▶ Dataset items:
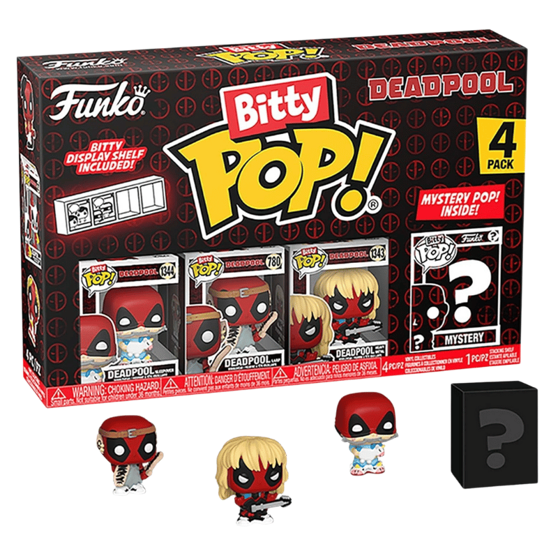 Small in size but big on character, this Funko Bitty POP! Deadpool 4-pack delivers quirky fun with Sleepover, Larp, Heavy Metal, and one surprise mystery figure. Each collectible stands at approximately 2.2 cm, making them ideal for display or gifting.
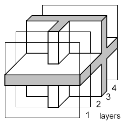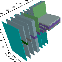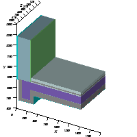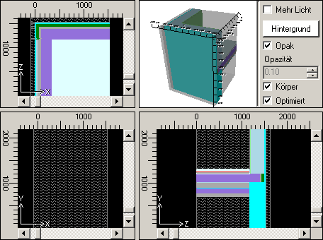 Dieser Umstand ist immer dann zu beachten, wenn - z. B. aus Gründen der Ergebnisdarstellung - zweidimensionale Berechnungsfälle in dreidimensionaler Modellierung ausgeführt werden. Anmerkung: Zur besseren Orientierung bei der Eingabe kann eine Vorlage in der Eingabeebene registriert und im Elemente2D-Fenster angezeigt werden. Anmerkung: Ein 2D Projekt dient oft als Ausgangspunkt für die Erstellung von 3D Modellen unter Zuhilfenahme diverser Konvertierungsmöglichkeiten (siehe weiter) . Schichten 3D ProjektEin Schichten 3D Projekt ist dadurch gekennzeichnet, dass die Geometrie des Bauteils durch die Eingabe der ebenen Schnitte erfolgt (ident zu einem 2D Projekttyp). Diese Projekttype wird typischerweise zur Modellierung einer punktuellen Wärmebrücke benutzt.
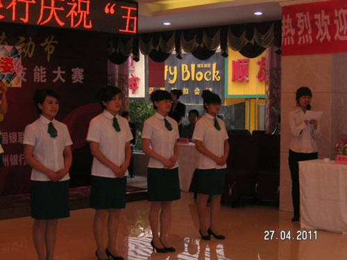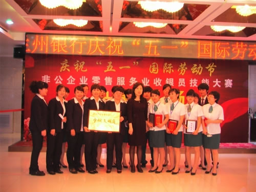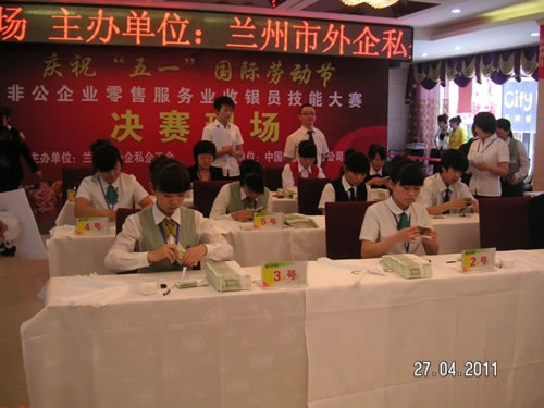 由兰州市总工会主办的“非公企业零售服务业收银员技能比赛” 于2011年4月27日下午,在人民饭店落下帷幕。参加比赛的选手都是来自各公司和企业的业务尖兵,现场压力重生,但是能和高手同台竞技是挑战,也是幸运,大家都为荣誉而奋斗。比赛经过单指单张、多指多张、机器点钞、银行卡刷卡、即问即答、工装展示环节近四个小时的比拼。最终国芳百货收银部取得了骄人的成绩,团队授予“巾帼文明岗”,参赛的12名选手在单项成绩中,两人荣获得一等奖、四人荣获二等奖、四人荣获三等奖、两人荣获优秀奖。
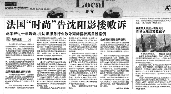 《時(shí)代商報(bào)》:法國(guó)“時(shí)尚”告沈陽(yáng)影樓敗訴
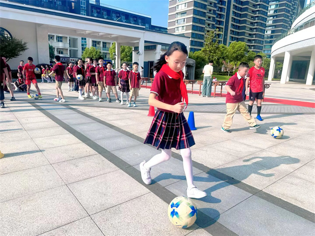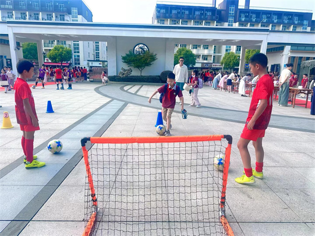 热闹的校园里,足球互动体验区聚着一群小球迷。他们精神抖擞,控球、射门样样尝试,惹得周围小伙伴助威呐喊声此起彼伏。小小的身影在场地间跃动,尽情挥洒活力,也真切感受着苏超般的足球热情。
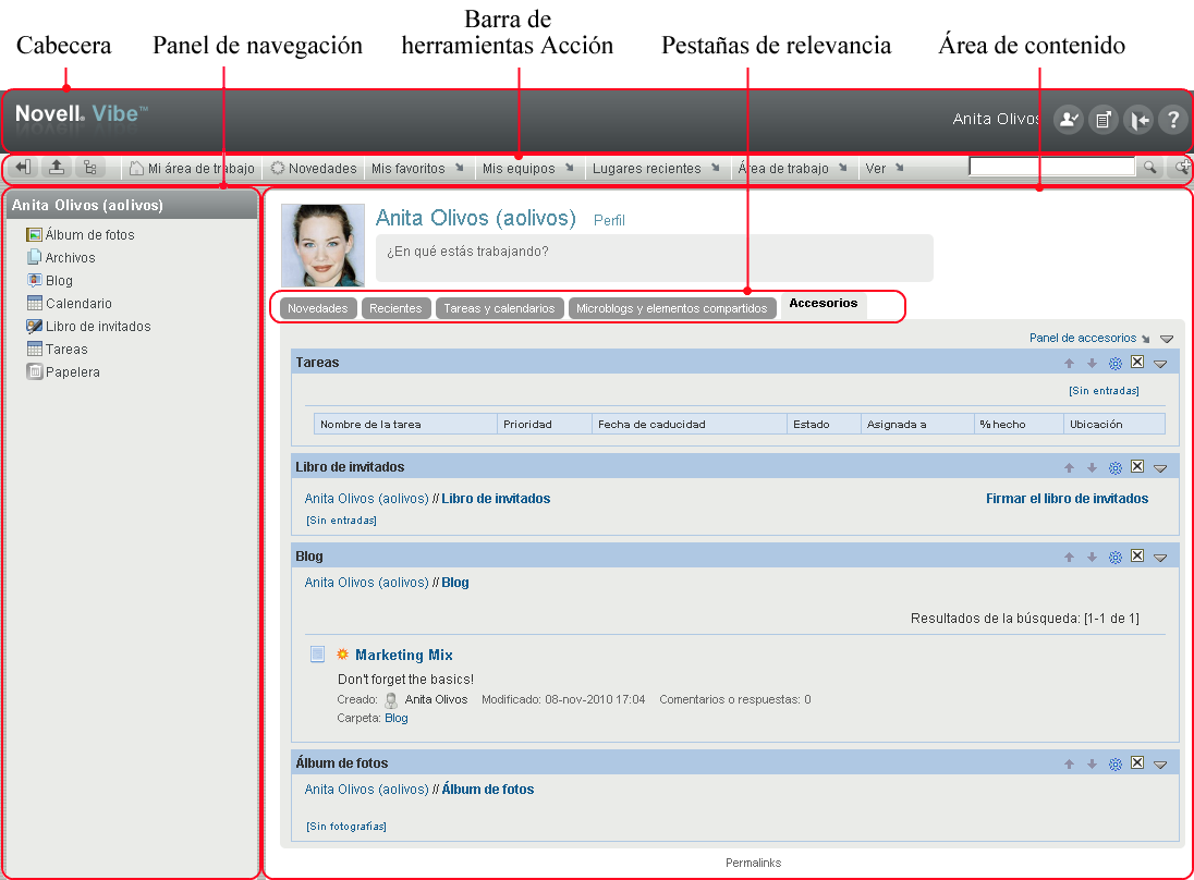 Antes de aprovechar las ventajas de todas las características y funciones de Novell Vibe, es posible que desee personalizar el área de trabajo personal.
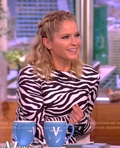 Sara Haines on The View on ABC was spotted wearing this zebra stripe mini dress on The View on Jul 25 2023's episode. Sara's Dress is the Brushstroke Zebra-Print Shift Dress by Michael Kors.
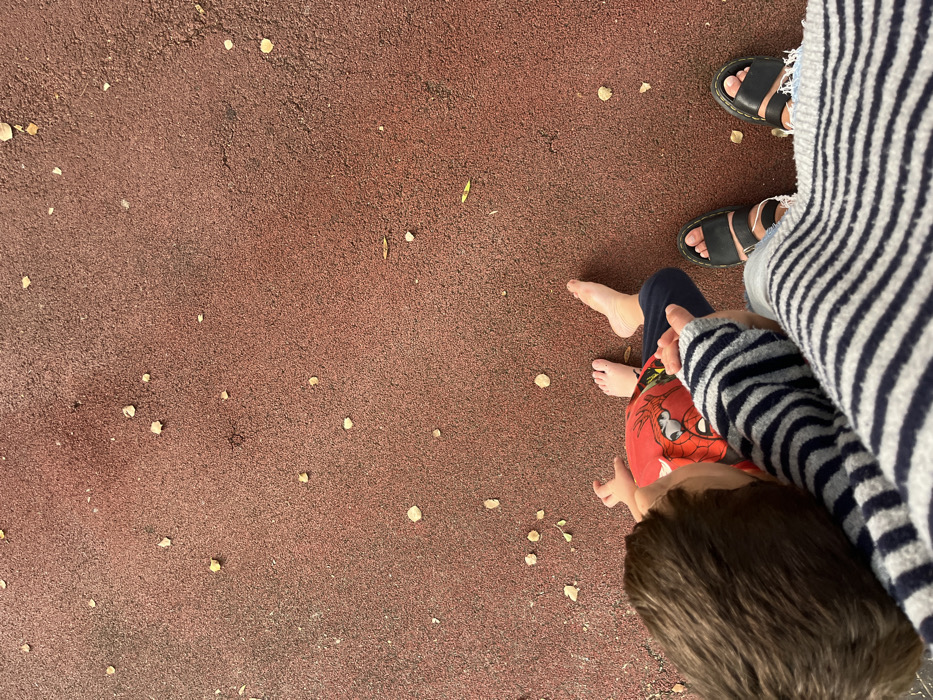 - "An overhead perspective captures an adult and a child on a red-brown, granulated rubberized surface consistent with a playground" by FM-CRvhO2, licensed under CC BY 4.0
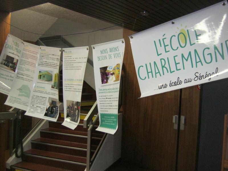 Des panneaux de présentation de l'AFCECR ont été installés à l'entrée de la salle de spectacle.
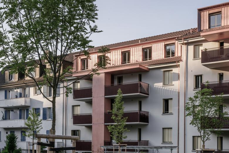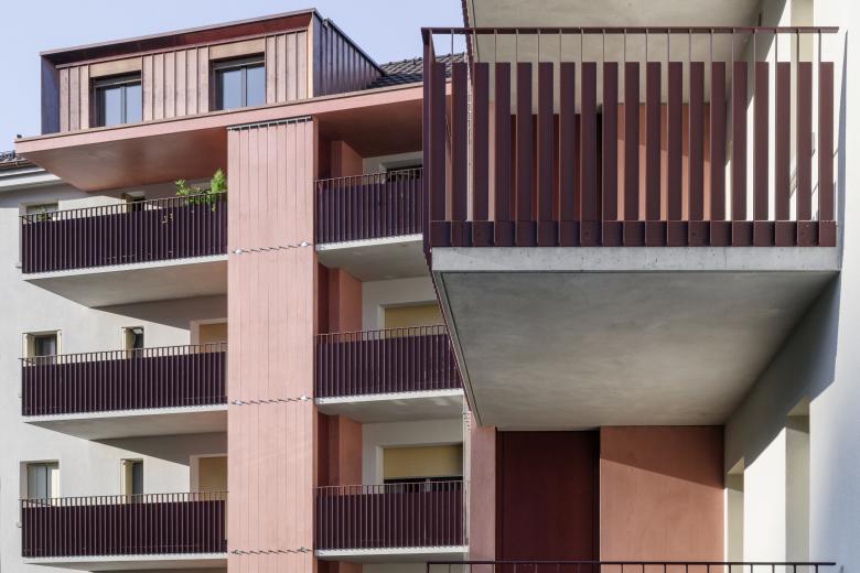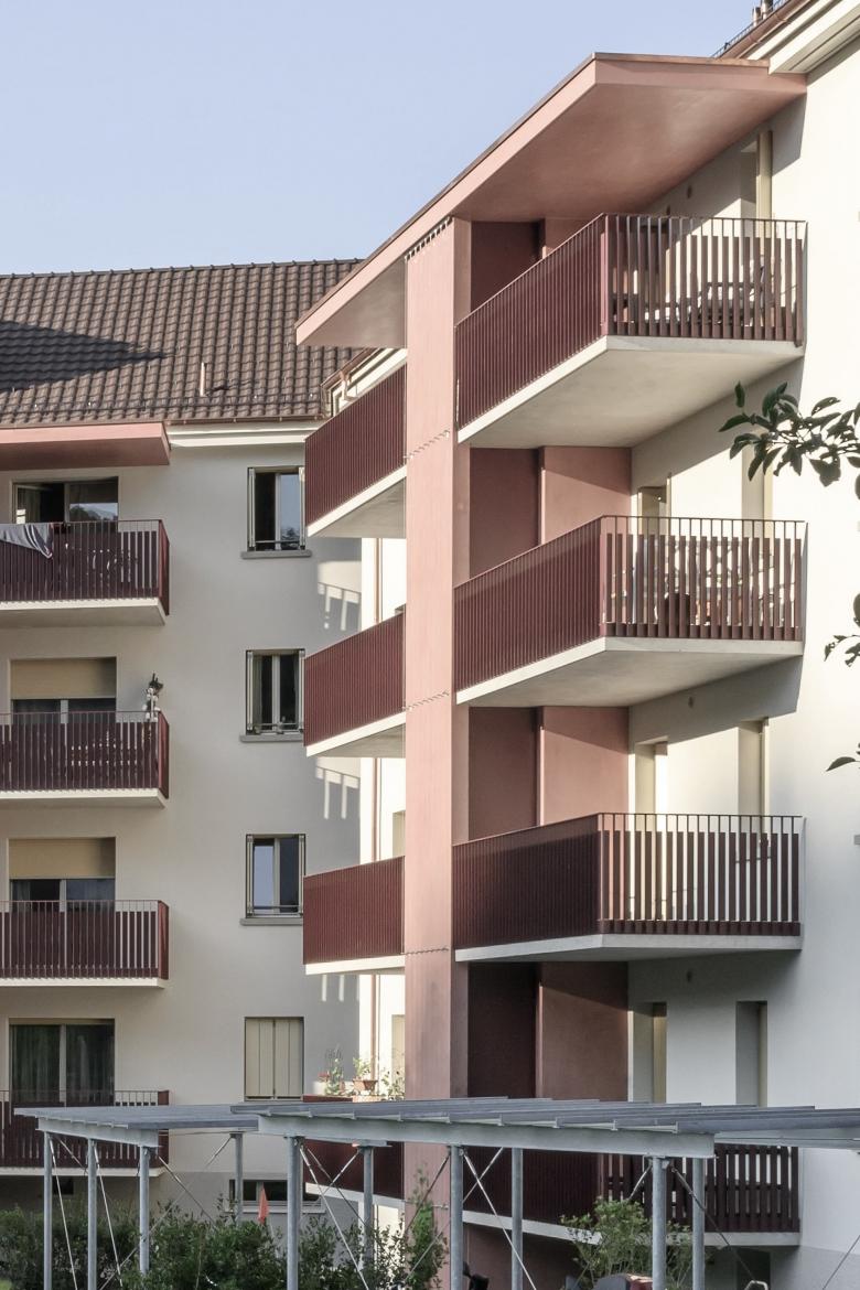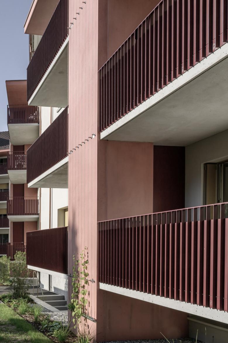 Die Statik der Balkone übernehmen raumhohe Z-Elemente, welche die horizontalen, auf beiden Seiten weit auskragenden Betonplatten tragen. Durch die abgewinkelte Geometrie dieser Elemente entstehen kleine Aussenräume, welche als Aussenreduits, die in ihrer Fläche um gut das Doppelte vergrösserten Balkone zusätzlich aufwerten. Gleichzeitig schaffen die Z-Elemente räumliche Distanz zwischen den Nutzern und garantieren die geschätzte Privatsphäre.

▶ Work task: Exact copies of the lines from the one containing "Des panneaux de" through the end of the records above are required, with no pictures among them.

▶ Exercise response:
 Des panneaux de présentation de l'AFCECR ont été installés à l'entrée de la salle de spectacle.
 Die Statik der Balkone übernehmen raumhohe Z-Elemente, welche die horizontalen, auf beiden Seiten weit auskragenden Betonplatten tragen. Durch die abgewinkelte Geometrie dieser Elemente entstehen kleine Aussenräume, welche als Aussenreduits, die in ihrer Fläche um gut das Doppelte vergrösserten Balkone zusätzlich aufwerten. Gleichzeitig schaffen die Z-Elemente räumliche Distanz zwischen den Nutzern und garantieren die geschätzte Privatsphäre.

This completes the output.